Ryan Ballard at 15:57 on 8 Feb 2018

Good intro to defensive coding.

Fantastic tutorial! I really liked the interaction and how you covered a lot of the low hanging fruit of defensive coding. I also liked that you grouped us up in teams to work together. It was a great hands on tutorial!

Scott Hardie at 17:48 on 11 Feb 2018

Really good tutorial! You covered a huge breadth of ideas efficiently and effectively, and I really liked the game of trying to decrypt those strings. In the first practice activity, if there was a way to get the CSV data into the getters class, I couldn't find it, and I wasted the first 15 minutes just writing my own, so some clarity on that point would have been appreciated.

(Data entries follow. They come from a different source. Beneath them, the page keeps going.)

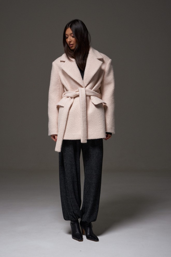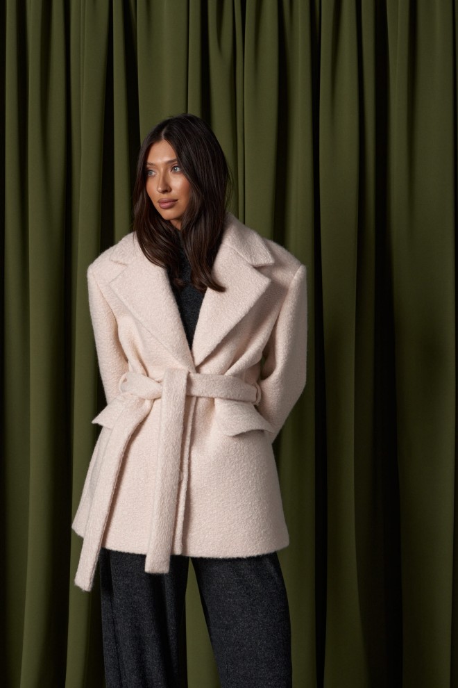 Полупальто однобортное прямого кроя, выполнено из полотна бежевого цвета ворсистой текстуры. Характеристики: прямой крой, брендированная подкладка, воротник с остроугольным лацканом, застежка центральная на петли - пуговицы, по линии талии шлевки, в комплекте пояс из ткани основного изделия, по переду функциональные карманы, рукав втачной, спинка цельнокройная. Длина по спинке 78 см, длина рукава 60 см.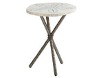 - The Sand Dollar End Table Pairs A Hammered Metal Base In Aged Pewter With An Inlaid Top Featuring A Sand Dollar Pattern Of Shells In Aquamarine, White, Ivory And Gray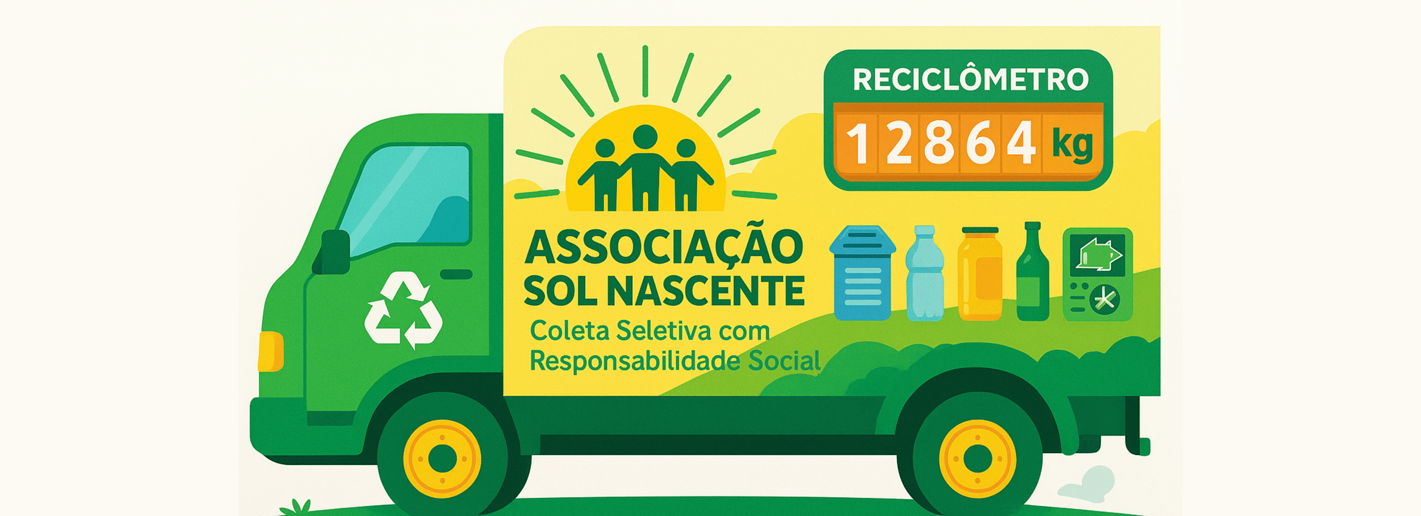 Trabalhamos com todos os materiais recicláveis (plásticos, papéis, papelão, metais e vidro) e óleo de cozinha.

Thanks for the great tutorial!

Tina Matter at 13:40 on 12 Feb 2018

This was a great hands-on tutorial. Working with someone else during the activities really caused me to step outside of my comfort zone. It was a great experience for me. I wasn't able to participate in the Unit Testing activity because I had no idea how to start. So unless you've already had experience with Unit Testing, I don't think this activity was helpful. For me, I guess it would have been helpful to start with an example that everyone can follow along with.

Jeremy Hennig at 14:08 on 12 Feb 2018

It was a good introduction and I learnt a few good tips. I thought the exercises were unnecessary, the time would have been better spent looking at common errors in code or doing some code reviews.